--- START ---

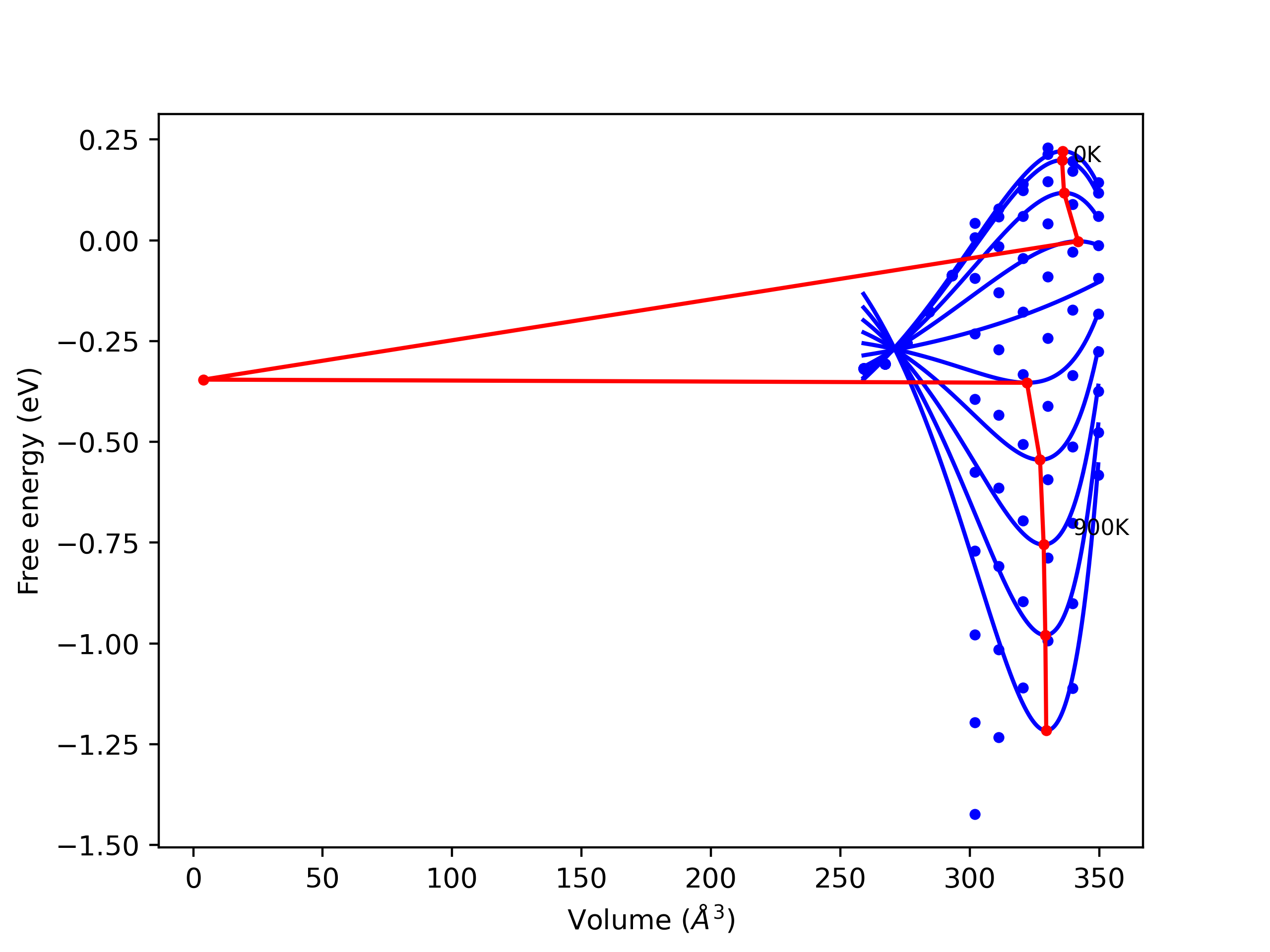 Plots of lattice and elastic constants are shown as a function of temperature. The 0K points were taken from the Crystal Structure Predictions and the Elastic Constants Predictions sections above for the unique crystal structures relaxed with the "dynamic" method. Starting from the 0 K relaxed crystal unit cells, supercell systems are created by replicating all three dimensions by the same multiplier to achieve at least 4000 atoms. The systems are then relaxed at 50 K and zero pressure using 1 million NPT steps. Lattice constants are estimated by averaging the measured box dimensions. Temperatures are iteratively increased by 50 K, with each subsequent relaxation calculation starting from the final atomic configuration at the previous temperature and relaxing for another 1 million steps.
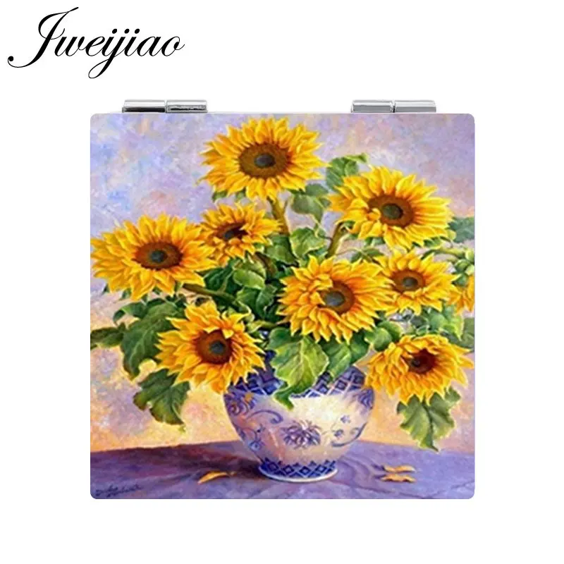 JWEIJIAO карманное мини-зеркало для фотографий с красивыми цветами в горшке растениями птицами складной квадратный 1X2X увеличительное искусственное зеркало
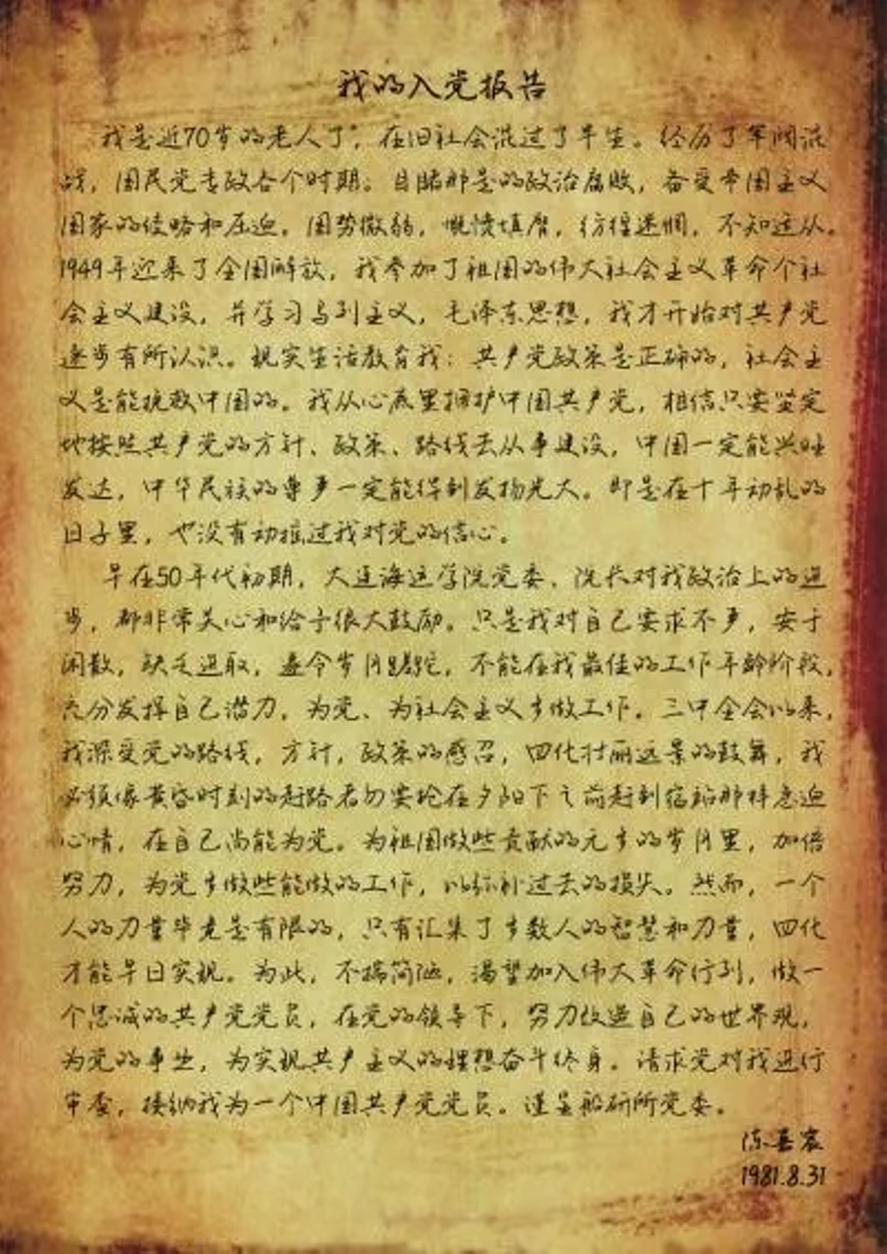 陈嘉震近古稀之年提交的“入党报告”(1981年8月31日)
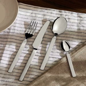 Designed by Achille Castiglioni for Alessi, the 4180S24 Dry Cutlery Set is an iconic blend of modern simplicity and refined ergonomics. Crafted from 18/10 stainless steel, each piece features a mirror-polished surface with a matte-finished handle for subtle contrast and tactile elegance. This 24-piece set includes six table spoons, six table forks, six table knives, and six coffee spoons—perfectly balancing everyday functionality with sculptural beauty.
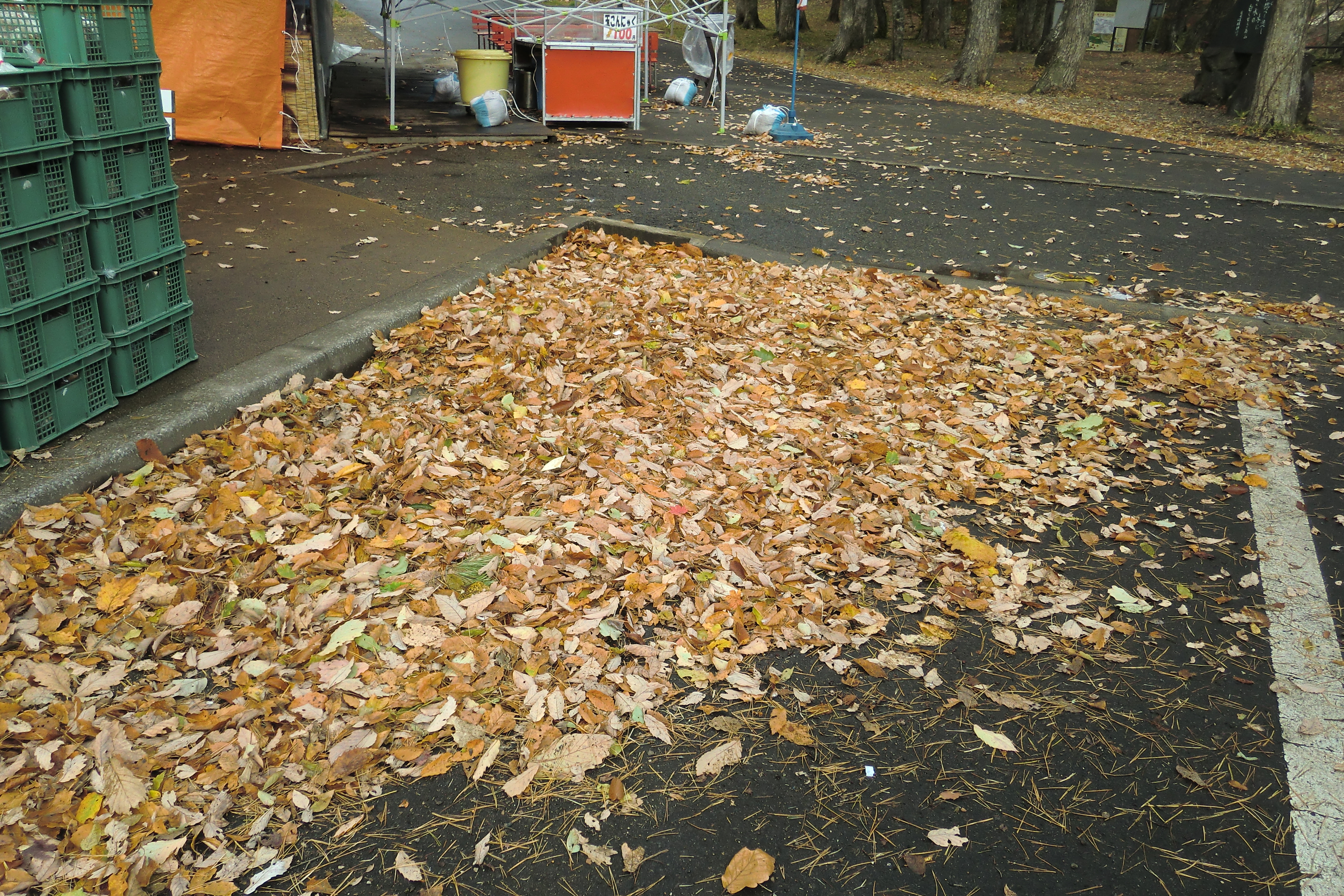 駐車場の隅にはたくさんの葉っぱが落ちていました

--- END ---

Activity:
Once the pictures are dropped, set down everything else in the records exactly.

Result for this exercise:
 Plots of lattice and elastic constants are shown as a function of temperature. The 0K points were taken from the Crystal Structure Predictions and the Elastic Constants Predictions sections above for the unique crystal structures relaxed with the "dynamic" method. Starting from the 0 K relaxed crystal unit cells, supercell systems are created by replicating all three dimensions by the same multiplier to achieve at least 4000 atoms. The systems are then relaxed at 50 K and zero pressure using 1 million NPT steps. Lattice constants are estimated by averaging the measured box dimensions. Temperatures are iteratively increased by 50 K, with each subsequent relaxation calculation starting from the final atomic configuration at the previous temperature and relaxing for another 1 million steps.
 JWEIJIAO карманное мини-зеркало для фотографий с красивыми цветами в горшке растениями птицами складной квадратный 1X2X увеличительное искусственное зеркало
 陈嘉震近古稀之年提交的“入党报告”(1981年8月31日)
 Designed by Achille Castiglioni for Alessi, the 4180S24 Dry Cutlery Set is an iconic blend of modern simplicity and refined ergonomics. Crafted from 18/10 stainless steel, each piece features a mirror-polished surface with a matte-finished handle for subtle contrast and tactile elegance. This 24-piece set includes six table spoons, six table forks, six table knives, and six coffee spoons—perfectly balancing everyday functionality with sculptural beauty.
 駐車場の隅にはたくさんの葉っぱが落ちていました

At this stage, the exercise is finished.